▸ TASK INPUTS
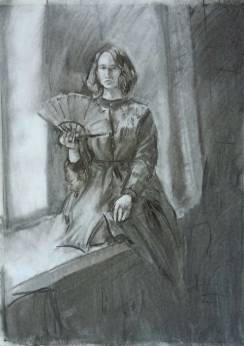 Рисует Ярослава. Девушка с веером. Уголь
...
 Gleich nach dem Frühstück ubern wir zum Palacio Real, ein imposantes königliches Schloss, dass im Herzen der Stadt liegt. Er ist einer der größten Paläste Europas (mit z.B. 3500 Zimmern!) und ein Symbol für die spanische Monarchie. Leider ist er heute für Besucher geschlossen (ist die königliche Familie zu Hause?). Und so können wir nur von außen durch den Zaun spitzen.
...
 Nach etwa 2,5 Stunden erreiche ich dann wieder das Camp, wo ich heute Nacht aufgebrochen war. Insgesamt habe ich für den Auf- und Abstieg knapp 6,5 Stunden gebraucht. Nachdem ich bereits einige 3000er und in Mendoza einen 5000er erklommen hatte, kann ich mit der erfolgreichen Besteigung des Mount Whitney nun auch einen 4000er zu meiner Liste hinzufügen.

▸ ACTION ITEM
Show, from the listing above, every line holding the word "heute".

▸ TASK RESULT
 Gleich nach dem Frühstück ubern wir zum Palacio Real, ein imposantes königliches Schloss, dass im Herzen der Stadt liegt. Er ist einer der größten Paläste Europas (mit z.B. 3500 Zimmern!) und ein Symbol für die spanische Monarchie. Leider ist er heute für Besucher geschlossen (ist die königliche Familie zu Hause?). Und so können wir nur von außen durch den Zaun spitzen.
 Nach etwa 2,5 Stunden erreiche ich dann wieder das Camp, wo ich heute Nacht aufgebrochen war. Insgesamt habe ich für den Auf- und Abstieg knapp 6,5 Stunden gebraucht. Nachdem ich bereits einige 3000er und in Mendoza einen 5000er erklommen hatte, kann ich mit der erfolgreichen Besteigung des Mount Whitney nun auch einen 4000er zu meiner Liste hinzufügen.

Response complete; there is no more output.